The problem
Restate the whole listing below word for word and keep the images out.

#### Information supplied

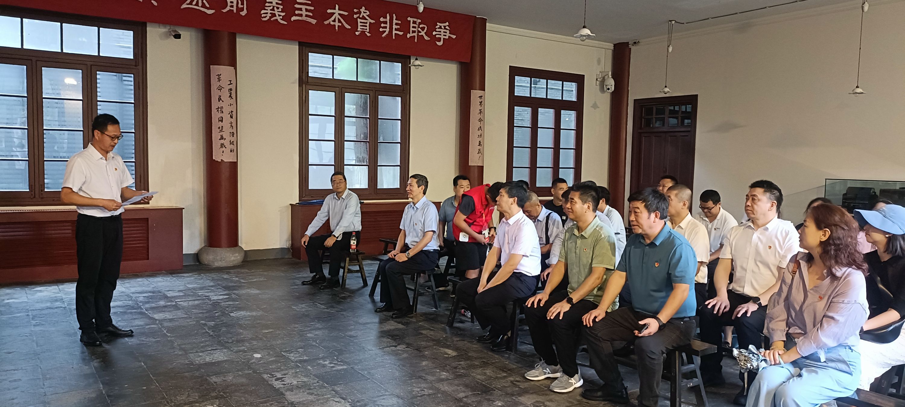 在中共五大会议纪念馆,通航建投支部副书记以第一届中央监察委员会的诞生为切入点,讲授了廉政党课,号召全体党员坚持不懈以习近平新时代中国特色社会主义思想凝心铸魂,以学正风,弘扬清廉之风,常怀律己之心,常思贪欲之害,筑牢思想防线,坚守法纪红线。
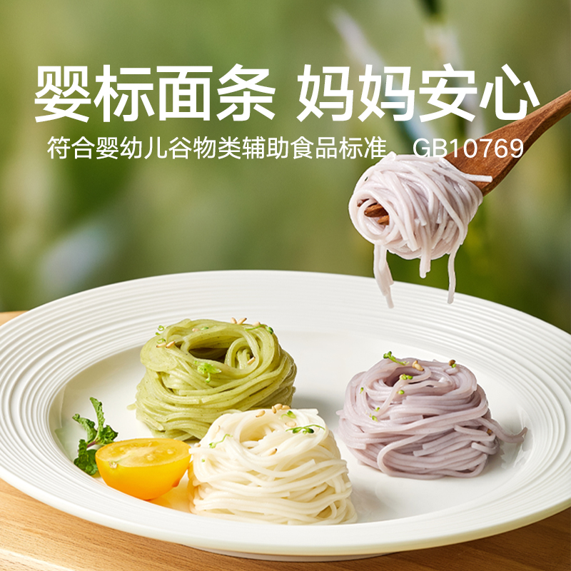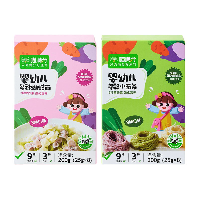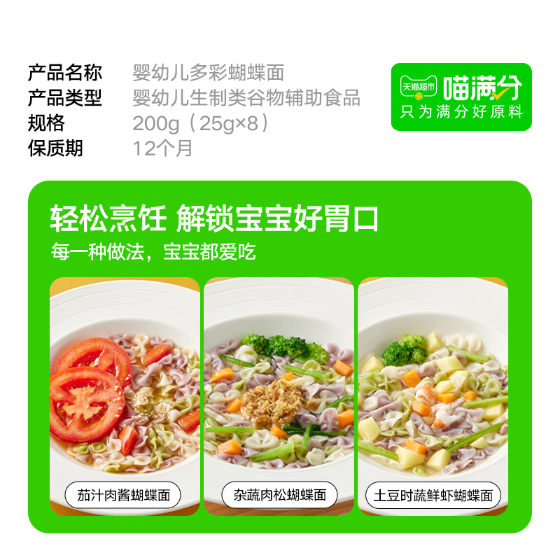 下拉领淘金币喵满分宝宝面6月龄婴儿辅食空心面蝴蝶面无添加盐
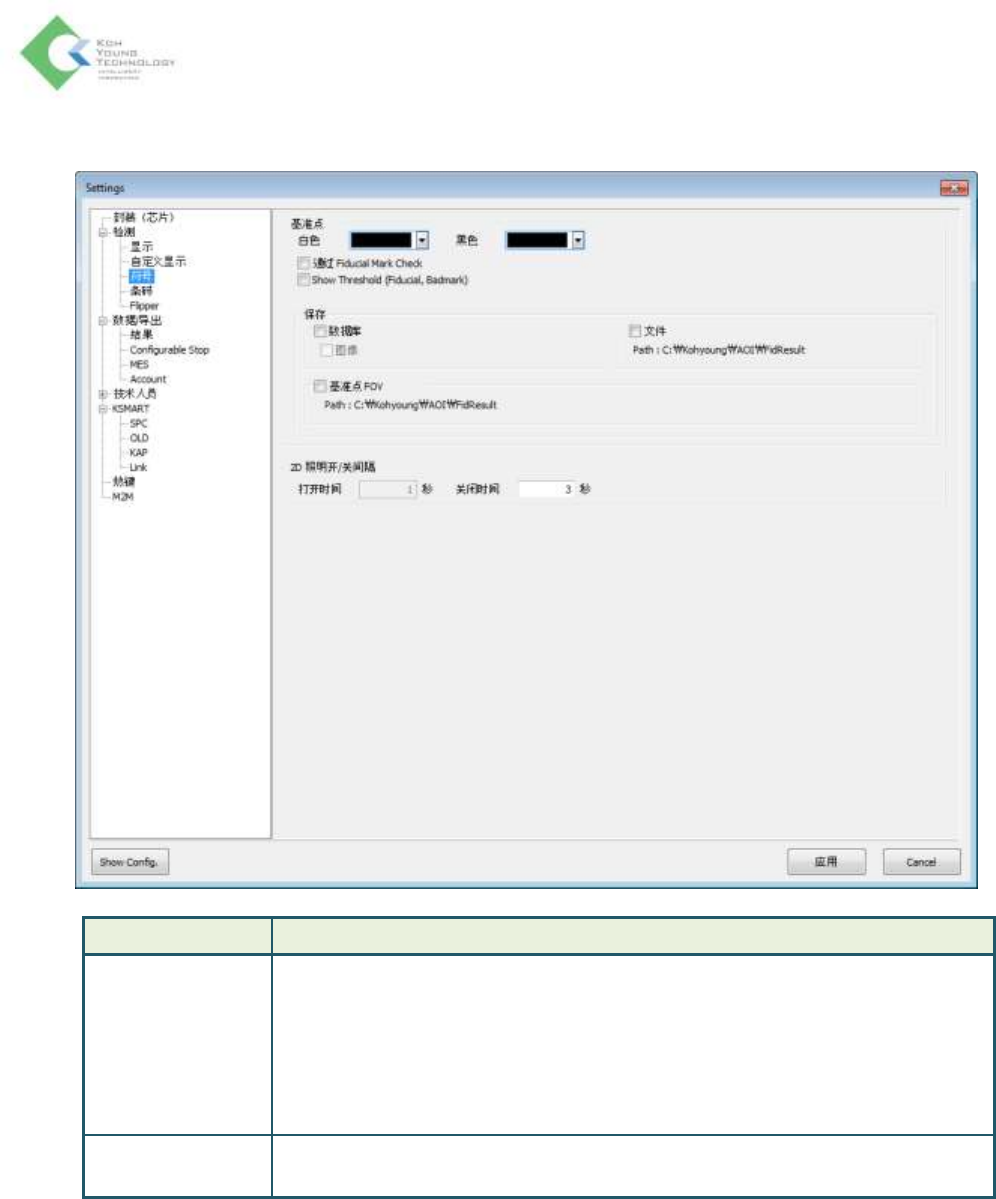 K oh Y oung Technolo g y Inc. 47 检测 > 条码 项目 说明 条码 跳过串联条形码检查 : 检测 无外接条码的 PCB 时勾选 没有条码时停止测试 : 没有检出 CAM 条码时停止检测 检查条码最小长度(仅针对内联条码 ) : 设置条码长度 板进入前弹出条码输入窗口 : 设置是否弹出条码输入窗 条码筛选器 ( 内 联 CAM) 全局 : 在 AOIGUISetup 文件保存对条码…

########

Result for this exercise
 在中共五大会议纪念馆,通航建投支部副书记以第一届中央监察委员会的诞生为切入点,讲授了廉政党课,号召全体党员坚持不懈以习近平新时代中国特色社会主义思想凝心铸魂,以学正风,弘扬清廉之风,常怀律己之心,常思贪欲之害,筑牢思想防线,坚守法纪红线。
 下拉领淘金币喵满分宝宝面6月龄婴儿辅食空心面蝴蝶面无添加盐
 K oh Y oung Technolo g y Inc. 47 检测 > 条码 项目 说明 条码 跳过串联条形码检查 : 检测 无外接条码的 PCB 时勾选 没有条码时停止测试 : 没有检出 CAM 条码时停止检测 检查条码最小长度(仅针对内联条码 ) : 设置条码长度 板进入前弹出条码输入窗口 : 设置是否弹出条码输入窗 条码筛选器 ( 内 联 CAM) 全局 : 在 AOIGUISetup 文件保存对条码…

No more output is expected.